Subject-averaged time courses of TILS/placebo-induced cerebral changes of (a) [HbO], (b) [HHb], (c) [HbT], (d) [HbD], and (e) [CCO] (all in µM) recorded from human foreheads in vivo (mean ± SE, n = 11). Time zero (t = 0) is the onset of TILS. In each subplot, the shaded region indicates the period of TILS/placebo treatment. “*” indicates significant differences (0.01 < p < 0.05, two sample t-test) in respective concentrations between TILS and placebo treatment. “**” indicates significant differences (p < 0.01, two sample t-test) in respective concentrations between TILS and placebo treatment.

Figure 4.

(a) Relationships between subject-averaged Δ[CCO] vs Δ[HbO] and Δ[CCO] vs Δ[HHb] that resulted from TILS and placebo treatment (mean ± SE, N = 11). Solid red diamonds display the relationship of Δ[CCO] vs Δ[HbO]; solid blue dots display the relationship of Δ[CCO] vs Δ[HHb]. Both red open diamonds and blue open squares represent placebo-treated Δ[CCO] vs Δ[HbO] and Δ[CCO] vs Δ[HHb], respectively. (b) Relationships between subject-averaged Δ[CCO] vs Δ[HbT] and Δ[CCO] vs Δ[HbD] caused by TILS and placebo treatment. Solid purple circles display the relationship of Δ[CCO] vs Δ[HbT]; solid black triangles display the relationship of Δ[CCO] vs Δ[HbD]. Both red open circles and open triangles represent placebo-treated Δ[CCO] vs Δ[HbO] and Δ[CCO] vs Δ[HHb], respectively. All error bars represent standard errors of means from respective chromophore concentrations.

Figure 5.

Ratios of (a) Δ[CCO]/Δ[HbO], (c) Δ[CCO]/Δ[HbT], and (e) Δ[CCO]/Δ[HbD] during and after infrared laser stimulation on the right forehead of 11 human subjects (red symbols) and on the right forearm of another group of 11 human subjects (blue symbols).

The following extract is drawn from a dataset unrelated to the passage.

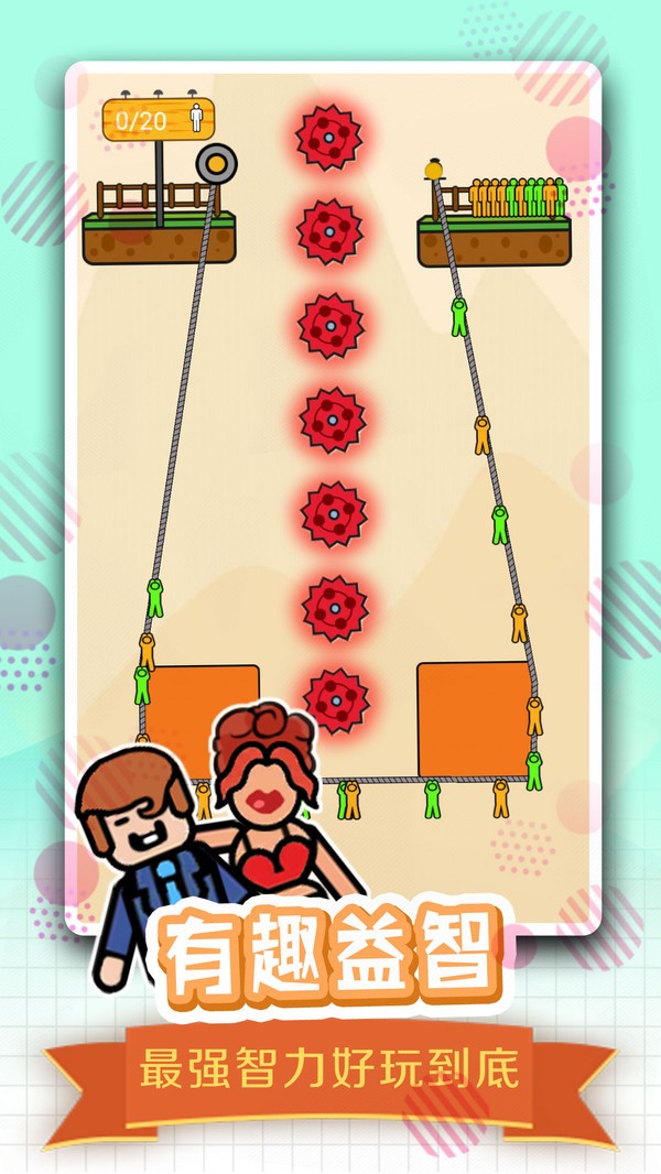 游戏的核心玩法是通过手指滑动连接绳索两端,为被困人员搭建安全通道。玩家需要仔细观察场景中的陷阱和障碍物,合理规划绳索路线。游戏加入了物理模拟系统,绳索的弹性和承重都会影响救援效果。随着关卡推进,还会出现需要同时救援多个目标的挑战,考验玩家的统筹规划能力。成功救出所有人员后,系统会根据救援时间和绳索使用效率给出星级评价。

Time-averaged ratios of (b) Δ[CCO]/Δ[HbO], (d) Δ[CCO]/Δ[HbT], and (f) Δ[CCO]/Δ[HbD] with corresponding standard deviations in both forearm and forehead stimulation cases. “**” marks significant difference (p < 0.01, two sample t-test) of Δ[CCO]/Δ[HbO] or Δ[CCO]/Δ[HbT] between the stimulated cases. “*” marks significant difference (p < 0.05, two sample t-test) of Δ[CCO]/Δ[HbD] between the stimulated cases.

Figure 6.

(a) Model of the photobiochemical mechanism of action of infrared light on the measured cytochrome c oxidase oxidation (CCO oxidized) and hemoglobin oxygenation (HbO₂). While some of the initial steps may occur at the same time, the proposed biochemical processes are numbered sequentially to better explain the observed increased concentration of oxidized CCO during 1064-nm laser stimulation. See text for detailed explanation. (b) The right most panel shows a pyramidal neuron of the cerebral cortex, which is modified from a figure in Huettel et al. The middle dashed rectangle is a zoomed section of apical dendrite, containing an abundant amount of mitochondria, with which CCO can be photo-stimulated and oxidized by TILS. This photobiomodulation consequently drives increases of HbO, HbT, and HbD. (c) A flow chart to show the conventional neuro-vascular coupling by the black-colored notations and our newly-defined TILS-induced metabolic-hemodynamic coupling by the red-colored notations. The blue-colored notations represent common endpoints of both mechanisms on the cerebral circulation.